» TASK DETAILS:
Exactly reproduce the lines from the line bearing "انگشتر نقره مردانه تاج برنجی عقیق سیاه اصل" through the end of the listing, inclusive of both; pictures are to be omitted.

» DATA SECTION:
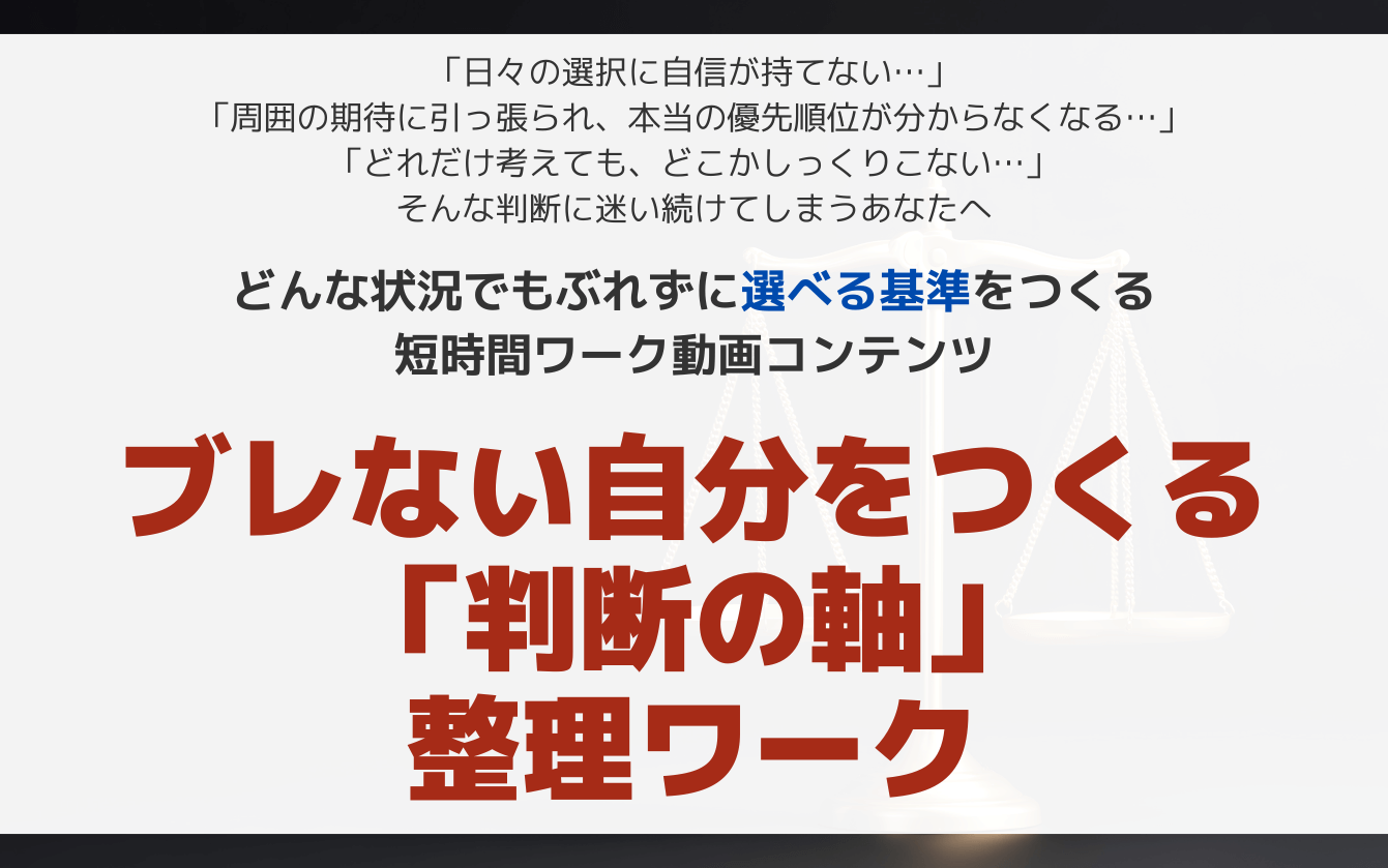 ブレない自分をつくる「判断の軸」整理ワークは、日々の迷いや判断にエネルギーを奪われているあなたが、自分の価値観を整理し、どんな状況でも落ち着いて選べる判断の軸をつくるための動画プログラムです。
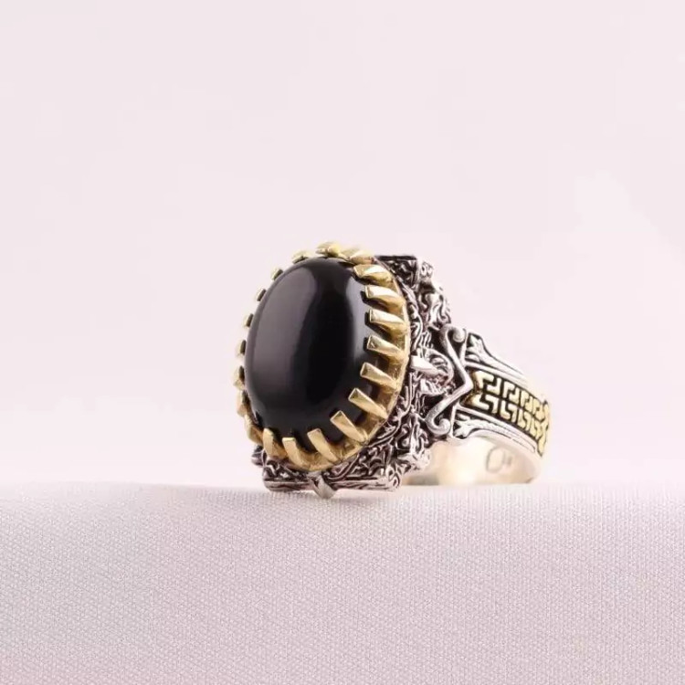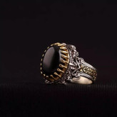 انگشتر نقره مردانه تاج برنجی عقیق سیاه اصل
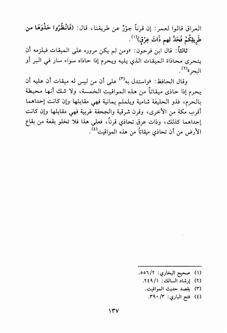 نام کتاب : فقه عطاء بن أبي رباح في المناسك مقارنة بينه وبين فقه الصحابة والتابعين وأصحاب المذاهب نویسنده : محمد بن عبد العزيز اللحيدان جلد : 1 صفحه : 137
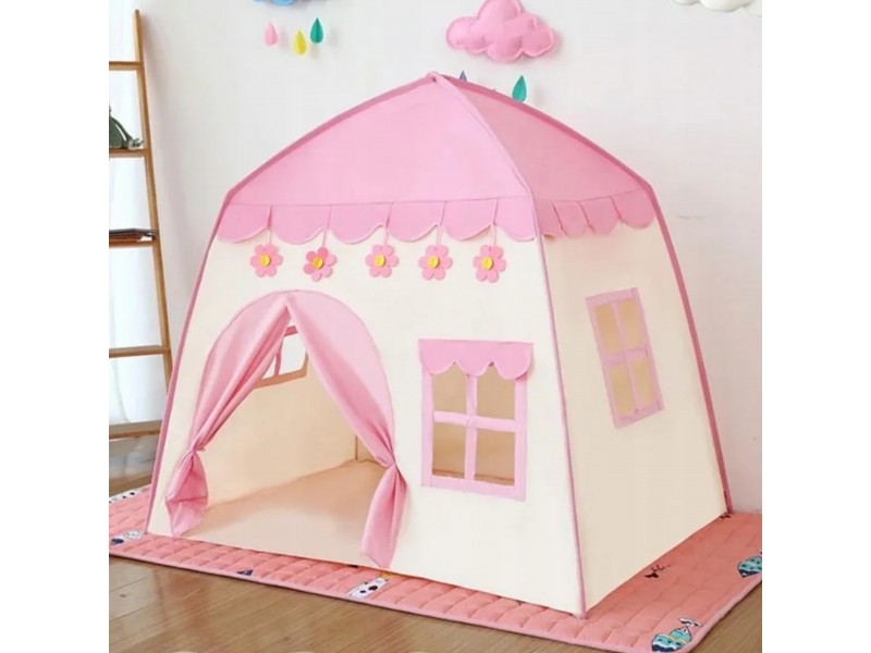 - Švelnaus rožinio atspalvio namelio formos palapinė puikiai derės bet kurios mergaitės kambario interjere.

» PROBLEM SOLUTION:
 انگشتر نقره مردانه تاج برنجی عقیق سیاه اصل
 نام کتاب : فقه عطاء بن أبي رباح في المناسك مقارنة بينه وبين فقه الصحابة والتابعين وأصحاب المذاهب نویسنده : محمد بن عبد العزيز اللحيدان جلد : 1 صفحه : 137
 - Švelnaus rožinio atspalvio namelio formos palapinė puikiai derės bet kurios mergaitės kambario interjere.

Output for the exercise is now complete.